UNION, Ky. — One Northern Kentucky high school student has always dreamed of playing alongside his teammates. On Friday, his dream came true.
Jacob Arnold, 18, is a senior at Ryle High School. An avid sports fan, Arnold grew up with a love for the game — football, baseball, basketball, you name it, but his path to playing wasn't always certain.
"When he was born, we basically got a grim diagnosis," dad Marc Arnold said. "We basically got a diagnosis of what his life was going to be like."

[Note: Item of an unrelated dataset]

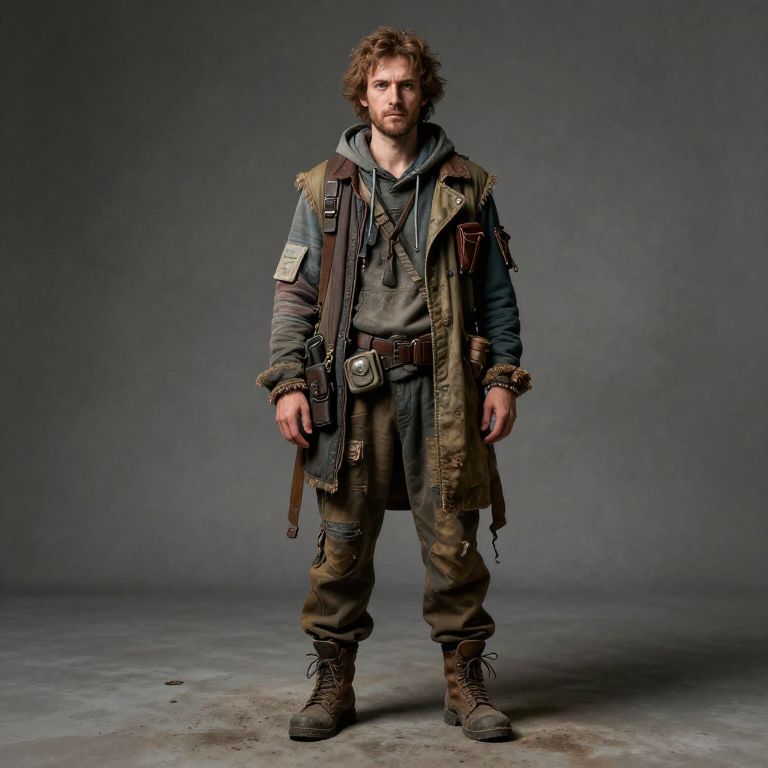 Photograph of a white man with wavy brown hair and a beard, standing against a dark gray studio backdrop. He wears a rugged, layered outfit consisting of a gray hoodie, a long brown leather vest with multiple straps and pockets, and olive-green cargo pants with patches. His brown boots are laced up, and he has several leather and metal accessories, including a belt with a silver buckle and a pouch. His expression is neutral, and he stands with his arms slightly relaxed at his sides. The lighting is soft, highlighting the textures of his clothing and accessories.

Arnold was diagnosed with Prader-Willi syndrome. It's a rare genetic disorder that results in a number of physical, mental and behavioral problems. A key feature of Prader-Willi syndrome is a constant sense of hunger.
"The hypothalamus part of the brain doesn't function properly so food has to be strictly monitored, calories have to be very strictly counted," his mom Stephanie Arnold said.
Those with Prader-Willi syndrome usually have trouble controlling their weight. Many complications of Prader-Willi syndrome are due to obesity.
There is currently no cure, but it can be managed with a controlled diet.
Despite his challenges, Arnold overcame the barriers. He plays several sports in the Special Olympics and serves as manager on Ryle's football and basketball teams.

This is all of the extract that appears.